━━━ STORED DATA

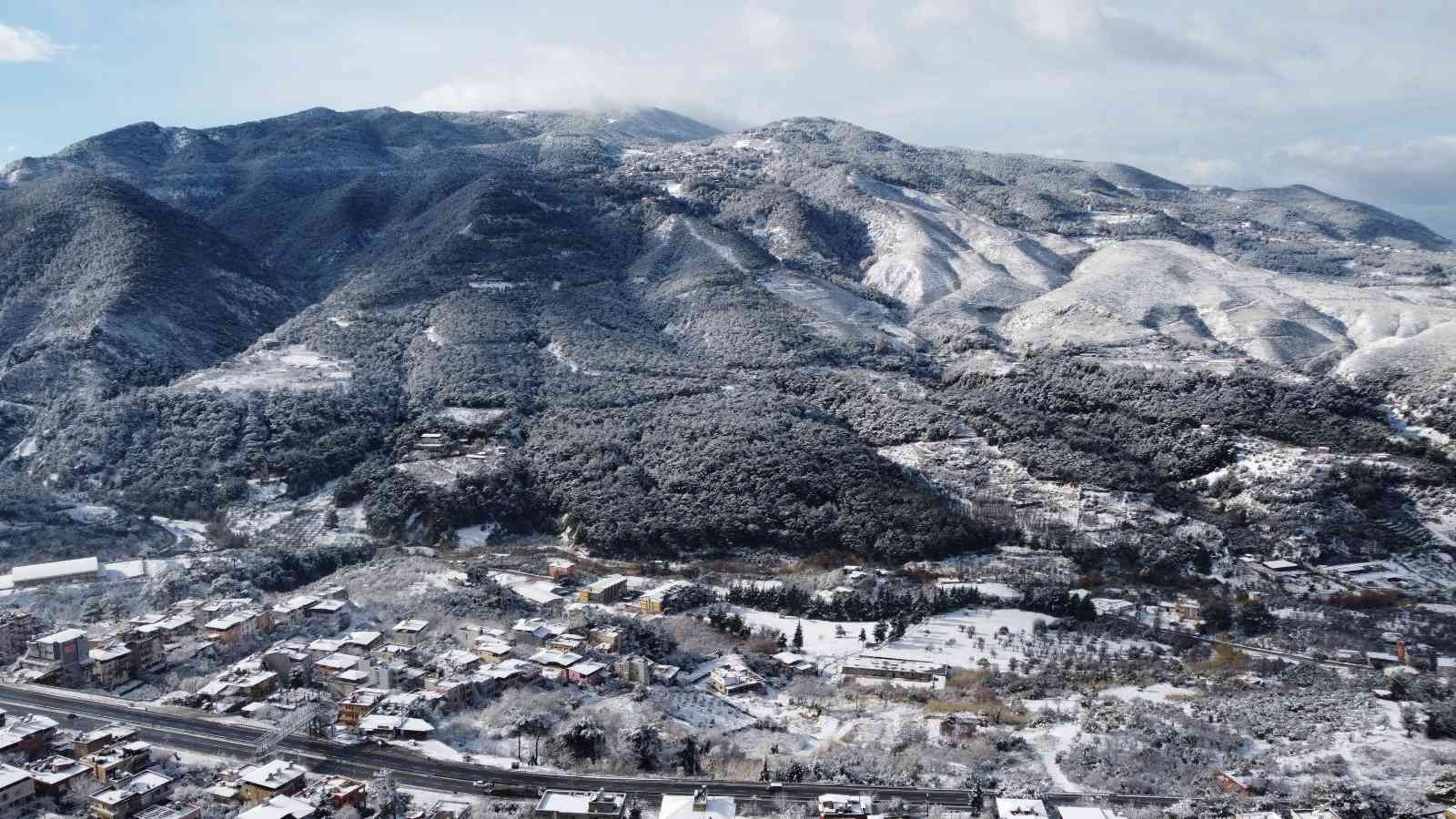 Hatay’ın Belen ilçesinde ve Amanos dağlarına yağan kar ile oluşan kartpostallık görüntüler drone ile görüntülendi.
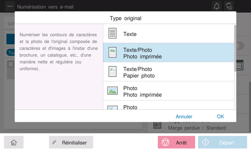 Sélectionnez [Type original] et ensuite la qualité d'image conforme au contenu de l'original à numériser.
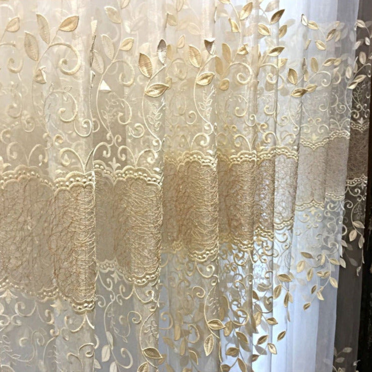 Tenda velata elegante con ricami dorati: Eleganza e Luminosità per la Tua Casa

━━━━━━

=== PROBLEM DESCRIPTION ===
Please give the data again in full, exactly as written, but without any images.

=== OUTPUT ===
 Hatay’ın Belen ilçesinde ve Amanos dağlarına yağan kar ile oluşan kartpostallık görüntüler drone ile görüntülendi.
 Sélectionnez [Type original] et ensuite la qualité d'image conforme au contenu de l'original à numériser.
 Tenda velata elegante con ricami dorati: Eleganza e Luminosità per la Tua Casa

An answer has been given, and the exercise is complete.